The immediate effect of shrinking factory activity is the loss of jobs for some of the factory employees. This is because factories and many businesses cannot keep employees who do not benefit them. If the output level declines and the number of employees remains the same, then it means that output per employee will have reduced. This does not make economic sense for the factories and therefore they decide to lay off some of their employees to balance the equation. Another reason that pushes businesses to lay off employees is the wage bill. A decline in output also means a decline in the profitability of a business. Given that most businesses use a markup on their cost to make a profit, they are forced to lay off some of the employees so as to reduce their cost and maintain their profitability. The article reports that employment levels fell, indicating that there was no growth in output, and that some companies may have started laying off some of the employees.
The recession in Europe is listed as a factor that has caused the drop in manufacturing activity in the United States of America. Europe is a big market for products manufactured by American companies and therefore, a recession there is bad news for American companies. A recession in Europe means products are more expensive there and so consumers may react by cutting down on their spending on commodities, or shift to cheaper options. If consumers cut down on their spending, it means the demand for a commodity has decreased. If the demand decreases and given the law of demand and supply, supply must also reduce. This may explain the decline in manufacturing activity in America. The recession in Europe may also cause consumers to shift to cheaper commodities. These may be from Asian countries like China, since it is cheaper to produce commodities in china than in America. This also forces a decline in output for American companies.

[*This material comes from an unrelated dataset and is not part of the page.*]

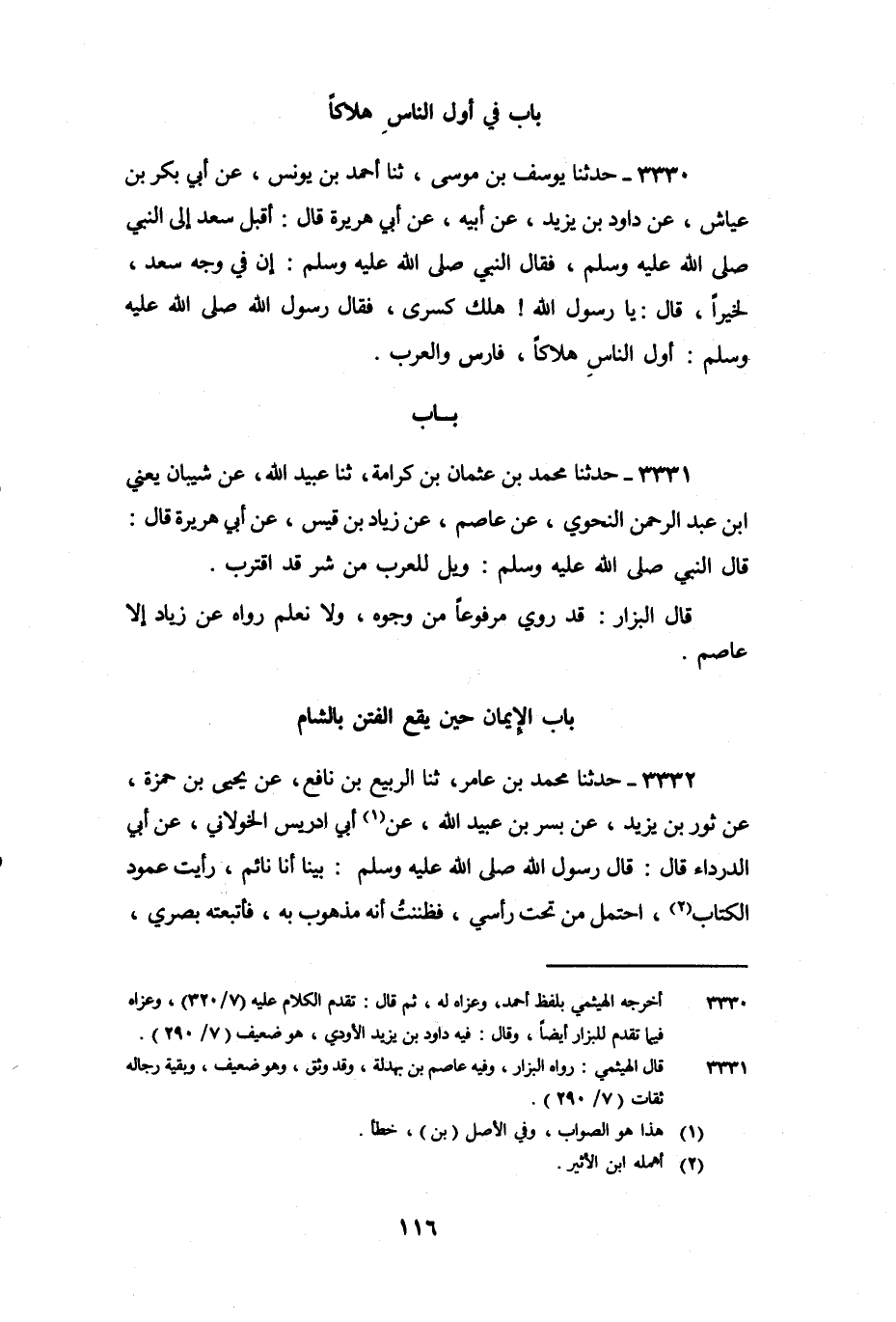3330 - حَدَّثَنَا يُوسُفُ بْنُ مُوسَى، ثنا أَحْمَدُ بْنُ يُونُسَ، عَنْ أَبِي بَكْرِ بْنِ عَيَّاشٍ، عَنْ دَاوُدَ بْنِ يَزِيدَ، عَنْ أَبِيهِ، عَنْ أَبِي هُرَيْرَةَ، قَالَ: أَقْبَلَ سَعْدٌ إِلَى النَّبِيِّ صَلَّى اللَّهُ عَلَيْهِ وَسَلَّمَ، فَقَالَ النَّبِيُّ صَلَّى اللَّهُ عَلَيْهِ وَسَلَّمَ: " إِنَّ فِي وَجْهِ سَعْدٍ لَخَيْرًا، قَالَ: يَا رَسُولَ اللَّهِ! هَلَكَ كِسْرَى، فَقَالَ رَسُولُ اللَّهِ صَلَّى اللَّهُ عَلَيْهِ وَسَلَّمَ: «أَوَّلُ النَّاسِ هَلاكًا فَارِسُ وَالْعَرَبُ»

A slowdown in most Asian economies have also been mentioned as the reason for the drop in the manufacturing numbers in the U.S. Asia also represents a large proportion of the market for American manufacturers. A slowdown in these economies, therefore, has a negative effect for companies in America. The slowdown in Asia has mostly been attributed to the Euro zone crisis (Cookson, Rabinovitch & Hume, 2012). The European region is a big market for commodities from Asia, so the crisis has meant a decline in sales from Asian companies, a decline in income in Asia and consequently a decline in demand for commodities from America.

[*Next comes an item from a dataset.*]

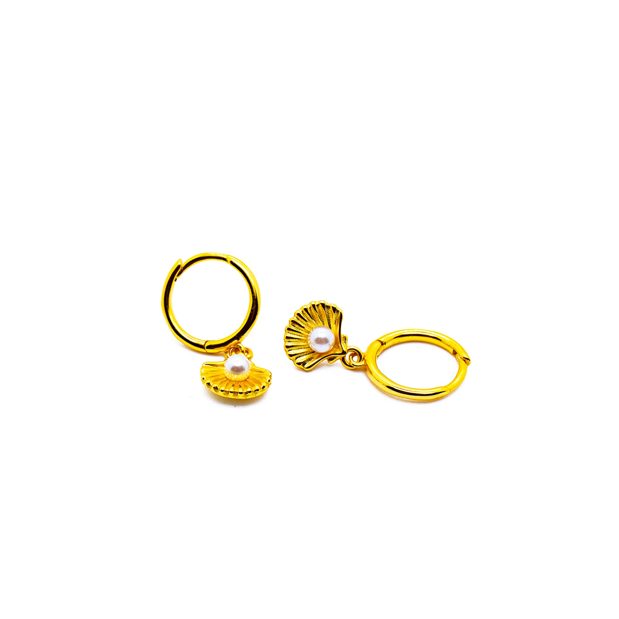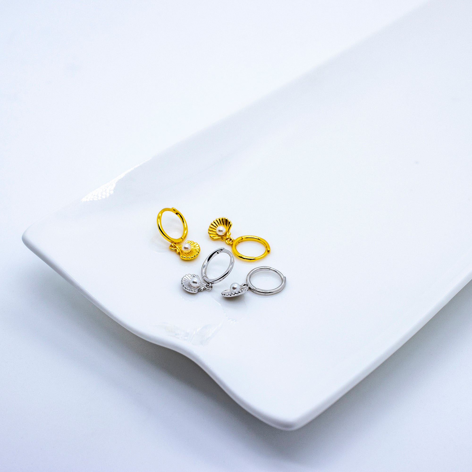 AYES 925 Silber Creolen Gold – Muschel Perlen Anhänger

The impending tax increases and spending cuts have also affected manufacturing sector. More taxes for manufacturing companies will mean the companies have to charge a higher price for their products, which will most likely affect their sales negatively. Cuts in spending by the government means that subsidies given to manufacturing industries may be reduced or eliminated. This in turn means that the companies will have to bear an extra cost, which they may be forced to pass on to the consumer through higher prices. This affects them negatively because they will be competing with cheaper products in the market. China, for example, has waived some taxes for its manufacturing companies. This makes them price their products lower.
Data on the construction industry indicate a drop in residential construction, but a rise in single homes and apartment constructions. The details are best explained by the graph below:
Cookson, R, Rabinovitch, S & Hume, N (2012, Aug 1). Global Slowdown Bites Across Asia.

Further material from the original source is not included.